Before us lies a 17-by-24-foot model of San Francisco. The tiny buildings look as they do in real life, with the exception of a few tan, unpainted buildings: projects that are proposed but haven't been built yet.

To feel what it would be like if those buildings were erected, Bosselmann lowers a crane with an ``optical probe'' - a skinny periscope with a camera at the end - into the model. As the camera moves down the tiny model street, it projects a picture onto a screen.

To the viewer, it feels as if one is walking or driving down the street. In a Bosselmann film - he has made two for New York City civic groups, as well as for San Francisco and a few other cities - a proposed project goes from the abstract to the concrete.

You see how much shadow is created, and how much (or little) sky is still visible; what the area looks like at night; whether you can orient yourself, by seeing other buildings or landmarks, for example. You can also experience how much wind the new buildings would create. (Wind simulation is done by another department at Berkeley, and Bosselmann has on occasion incorporated that into his presentations.)

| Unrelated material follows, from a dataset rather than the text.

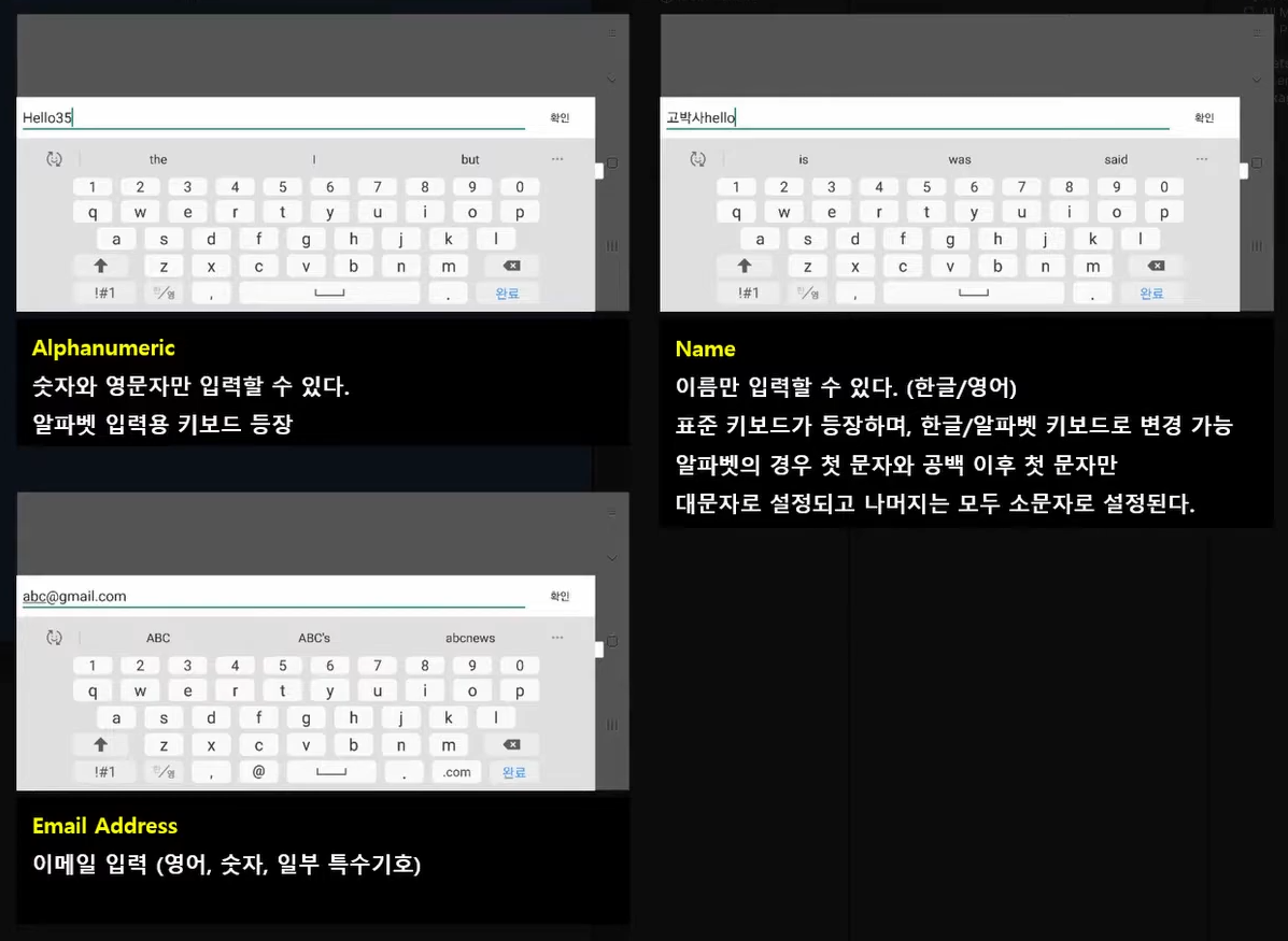 ID/PW 입력, 채팅 등에 사용합니다.

The technology is close to 40 years old. It was developed in Hollywood to create special effects: King Kong scaling a skyscraper, for example. But until recently, it has been largely ignored by city planners to predict how development will affect an area. Now, civic groups are beginning to see the technology as a tool to battle development.

In previous attempts to curb development in New York City, ``we didn't have the technical data to back up our statements,'' says Gail McEachern, program director at the New York Parks Council. The Berkeley technology, she says, gives them the data and adds force to their arguments.

The ``Sim Lab'' technology puts Peter Bosselmann in the midst of a multibillion-dollar controversy. Donald Trump, developer of Trump Towers, among other things, wants to build the world's tallest building on the banks of the Hudson River in New York. The Parks Council, concerned that projects by Mr. Trump and others will create shadows, wind tunnels, and traffic on New York's Upper West Side, wants to scale them back.

On Dec. 1, the Parks Council will open a two-week display of Bosselmann's projections at the Urban Center. Viewers will be able to take an ``imaginary walk'' through 10 public spaces - Central Park, Riverside Park, schoolyards, and plazas - to see how these places would be changed by Trump's Television City and 47 other development projects proposed or in the works.

Bosselmann declines to give details about how the 150-story building and the 21 other towers in Television City will affect someone walking down the street or trying to read a newspaper on a park bench. But, he says, the complex ``will cast very long shadows, and it will be quite windy there.''

Bosselmann is not new to New York City battles. Several years ago, in an effort to clean up Times Square, city planners decided to let developers put up high-rise buildings in the square.

Bosslemann made a film showing how the new projects would reshape Times Square.

``It was quite a shocking view,'' he says. Even in his conservative scenario, simulating only half of the possible changes, the area looked like ``an office district,'' he says. ``It was no longer Times Square.''

Even so, the city's Planning Commission has not made any decisions on stopping the proposed projects, which could start construction this year.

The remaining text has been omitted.